Actually it’s not strictly accurate to call Brian a long lost cousin. I never knew of his existence to be able to lose him, so newly discovered cousin is more accurate. Just a year ago I knew virtually nothing about my Irish family though I always assumed that I must have relatives here in America. I even wondered if David Byrne of the Talking Heads was family. But it wasn’t until the advent of online genealogical research that I discovered my grandparents’ families. Starting with just a few clues – my grandmother’s maiden name and birth year, the town she and my grandfather were from, and the name of one of her siblings – within days I knew the identity of my great-grandparents and all their children. My grandmother was one of seven and my grandfather one of twelve. And as I suspected, while my grandparents emigrated to England many of their siblings went to America. Their descendants in my generation are my second cousins.

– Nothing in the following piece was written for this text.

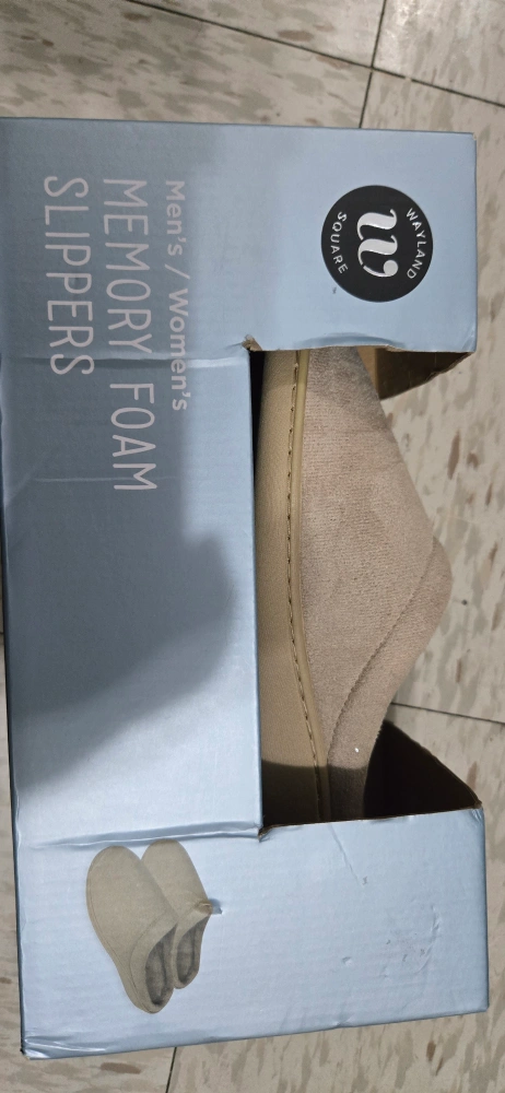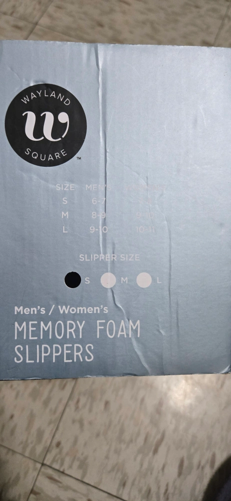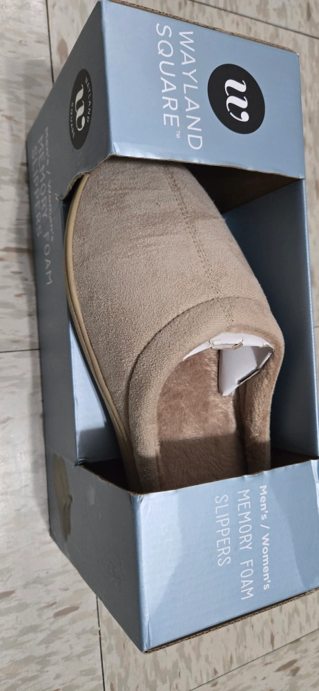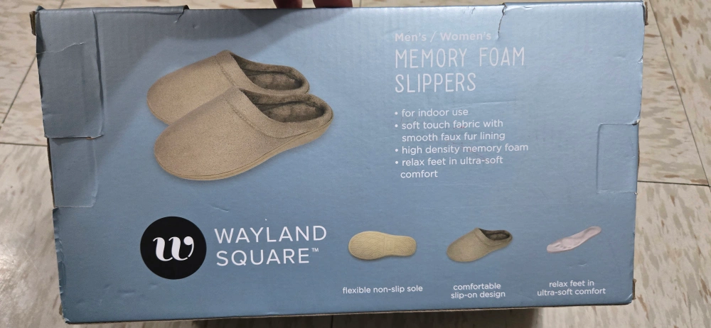 Selling a pair of Wayland Square memory foam slippers in size Medium (Men's 8-9, Women's 9-10). These are brand new and come in the original box! They have a soft-touch fabric with a smooth faux fur lining and high-density memory foam for ultra-soft comfort

Once you start creating a family tree on Ancestry you get hints of likely matches between your relatives and people on other family trees. That was how I “met” Brian. His grandmother Margaret was my grandmother’s elder sister. She stayed in Ireland, married James Kilduff, and had seventeen children. Her daughter Mary Ellen was Brian’s mother. Mary Ellen emigrated to New York City and, like so many young Irish women, worked as a domestic servant for a wealthy family. As I explored the commonalities between our trees to verify the relationships one clue clinched the matter. Brian had posted a photo of two nuns. I immediately recognized the younger as my father’s cousin Sister Bernard Joseph. We often visited her at her convent in Lancashire when I was a child. The older nun in the photo was identified as her aunt. That clicked, because I knew my grandmother had a sister who was a nun. We used to receive letters from her that my father read aloud at the dinner table, commenting that they were like the mystic writings of a medieval saint. But here’s where it became a bit tricky, because while my family knew her as Sister Trea, Brian’s photo identified her as Sister Pia.
Given the level of discourse on the internet, I can imagine people on Ancestry getting into spats with newly discovered family members over differences in their versions of family history. But in the emails we exchanged Brian and I handled the discrepancy tactfully, neither of us insisting we owned the truth. The names are similar enough that it was easy to imagine spoken or written misinterpretations. We agreed that I would contact the religious order to verify the name. From the clue of an address in my father’s 1943 diary I identified a convent in Islington, London, where Sister Trea/Pia lived at the time. The convent belonged to the Cross and Passion order which was founded in Manchester in the nineteenth century. That made sense as my Irish relatives all immigrated to Manchester. Nuns are not particularly easy to get hold of but eventually I was put in touch with the order’s archivist. Yes, there is such a thing. I enquired about both nuns. Expecting some brief reply, instead I received two extensive documents relating their entire histories with the order. The elder nun was indeed Sister Trea, named after a fifth century Irish saint converted by St. Patrick himself.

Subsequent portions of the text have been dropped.